Below are entries. Give back exactly the lines from the one containing "Loungebank gemaakt van" through the one containing "آنتونی هاپکینز (بازیگر)", inclusive, without the pictures.

(The data)

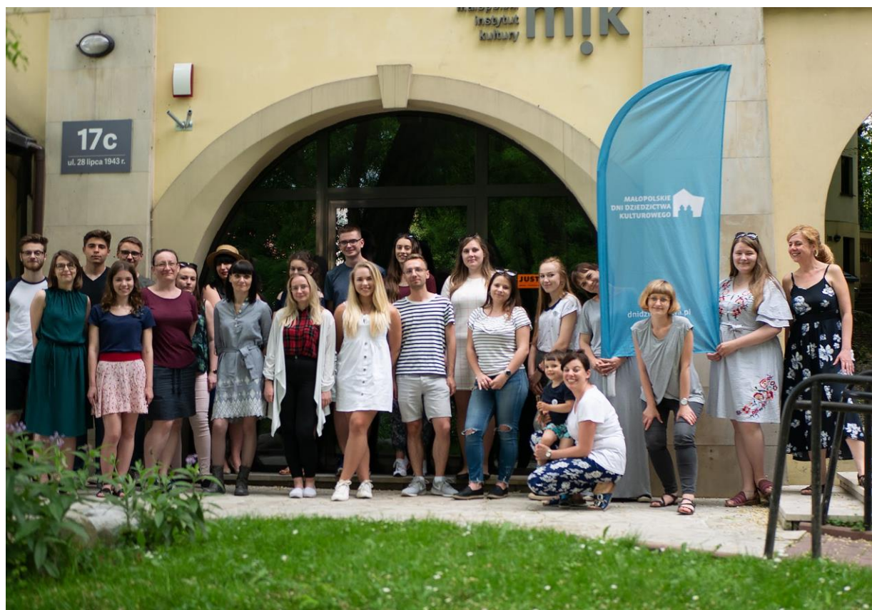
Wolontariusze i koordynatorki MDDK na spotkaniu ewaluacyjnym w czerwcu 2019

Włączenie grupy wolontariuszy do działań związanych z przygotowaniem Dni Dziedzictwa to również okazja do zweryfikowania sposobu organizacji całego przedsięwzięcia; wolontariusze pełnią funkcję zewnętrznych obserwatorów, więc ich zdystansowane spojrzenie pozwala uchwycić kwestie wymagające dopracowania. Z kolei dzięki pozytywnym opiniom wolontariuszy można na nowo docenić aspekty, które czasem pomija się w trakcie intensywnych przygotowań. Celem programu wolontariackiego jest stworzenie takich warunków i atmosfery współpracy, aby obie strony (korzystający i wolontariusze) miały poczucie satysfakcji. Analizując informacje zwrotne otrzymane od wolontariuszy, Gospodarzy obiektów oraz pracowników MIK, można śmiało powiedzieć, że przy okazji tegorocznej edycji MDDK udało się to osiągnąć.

(End The data)
(The data)

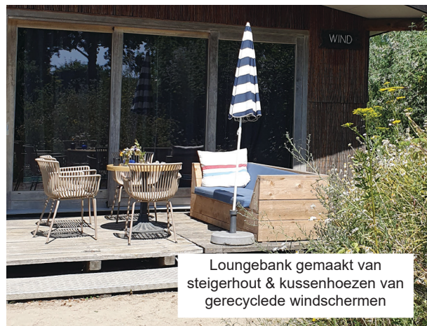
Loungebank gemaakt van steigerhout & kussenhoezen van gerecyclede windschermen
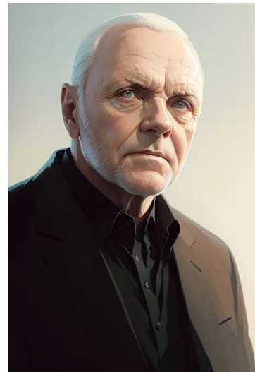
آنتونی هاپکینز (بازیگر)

(End The data)
(The data)

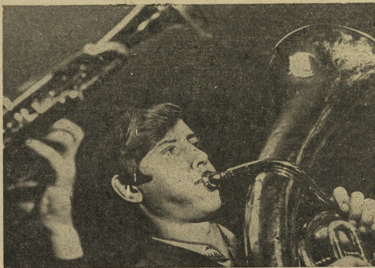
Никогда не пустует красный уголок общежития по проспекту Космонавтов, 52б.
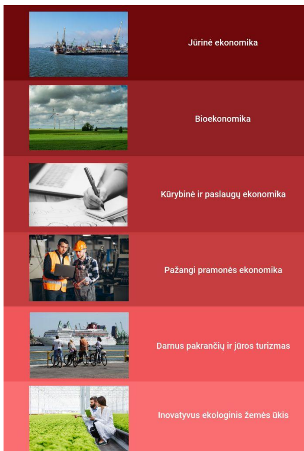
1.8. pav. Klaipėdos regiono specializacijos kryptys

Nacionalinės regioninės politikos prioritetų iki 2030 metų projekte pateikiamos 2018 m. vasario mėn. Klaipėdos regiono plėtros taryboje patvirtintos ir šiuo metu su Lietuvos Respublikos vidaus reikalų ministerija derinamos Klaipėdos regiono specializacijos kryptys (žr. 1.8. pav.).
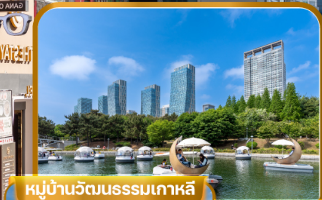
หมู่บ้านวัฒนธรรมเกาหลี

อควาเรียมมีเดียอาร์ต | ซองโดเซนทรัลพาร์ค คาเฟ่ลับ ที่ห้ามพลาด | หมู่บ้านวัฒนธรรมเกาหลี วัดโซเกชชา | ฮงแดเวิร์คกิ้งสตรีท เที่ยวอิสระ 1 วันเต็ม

(End The data)

Solved exercise
Loungebank gemaakt van steigerhout & kussenhoezen van gerecyclede windschermen
آنتونی هاپکینز (بازیگر)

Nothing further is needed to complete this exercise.